### Dataset section

====================

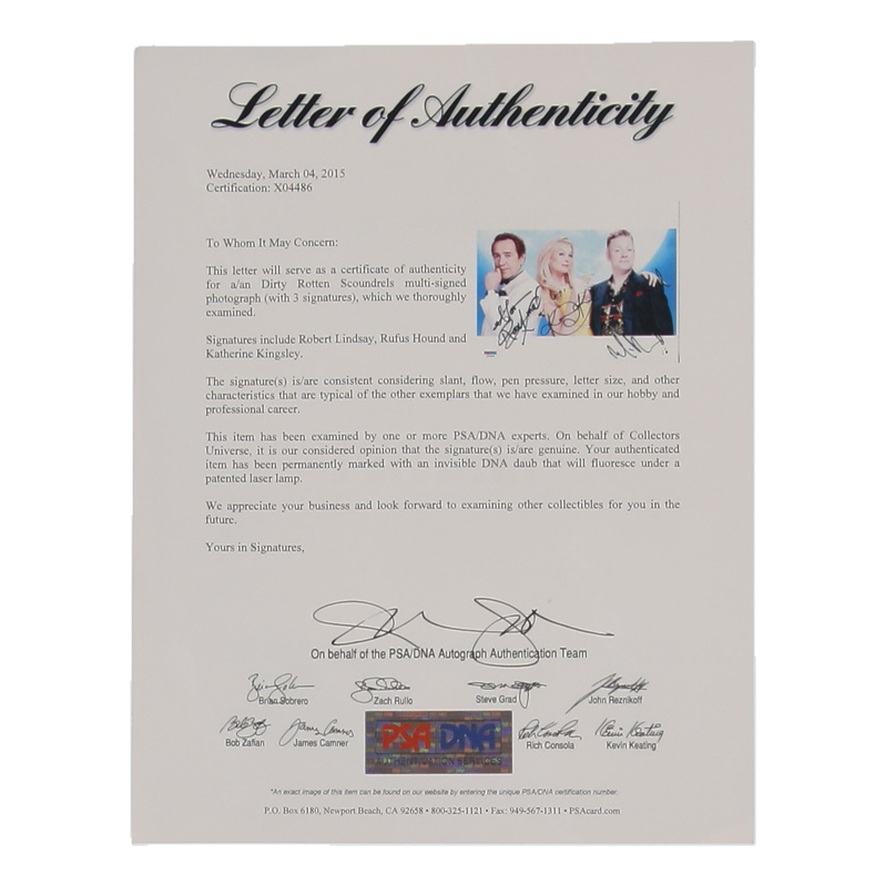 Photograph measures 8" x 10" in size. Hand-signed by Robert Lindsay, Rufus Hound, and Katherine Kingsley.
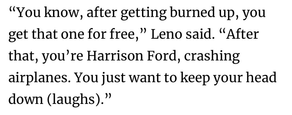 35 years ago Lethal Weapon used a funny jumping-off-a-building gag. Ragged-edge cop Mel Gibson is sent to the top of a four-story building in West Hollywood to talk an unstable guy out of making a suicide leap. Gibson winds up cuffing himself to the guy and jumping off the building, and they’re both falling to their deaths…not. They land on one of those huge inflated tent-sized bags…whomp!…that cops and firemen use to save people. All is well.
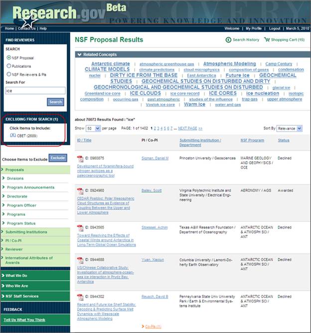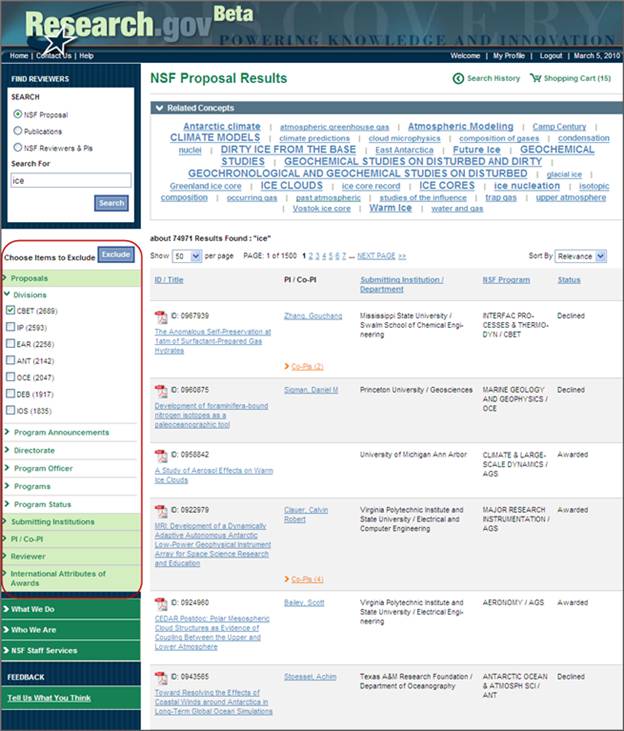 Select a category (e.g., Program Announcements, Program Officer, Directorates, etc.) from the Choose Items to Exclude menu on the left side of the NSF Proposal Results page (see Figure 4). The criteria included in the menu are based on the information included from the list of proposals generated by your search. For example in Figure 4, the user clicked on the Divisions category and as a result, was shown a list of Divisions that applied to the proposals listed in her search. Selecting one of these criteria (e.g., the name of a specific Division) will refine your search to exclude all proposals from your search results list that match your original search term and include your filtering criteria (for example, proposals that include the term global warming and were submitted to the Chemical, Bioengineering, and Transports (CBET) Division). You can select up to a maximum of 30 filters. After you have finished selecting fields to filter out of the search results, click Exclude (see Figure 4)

====================

### Requirement
Please return exactly the lines above, from where the listing starts to the line holding "35 years ago", inclusive, with the pictures omitted.

### Reply to the exercise
 Photograph measures 8" x 10" in size. Hand-signed by Robert Lindsay, Rufus Hound, and Katherine Kingsley.
 35 years ago Lethal Weapon used a funny jumping-off-a-building gag. Ragged-edge cop Mel Gibson is sent to the top of a four-story building in West Hollywood to talk an unstable guy out of making a suicide leap. Gibson winds up cuffing himself to the guy and jumping off the building, and they’re both falling to their deaths…not. They land on one of those huge inflated tent-sized bags…whomp!…that cops and firemen use to save people. All is well.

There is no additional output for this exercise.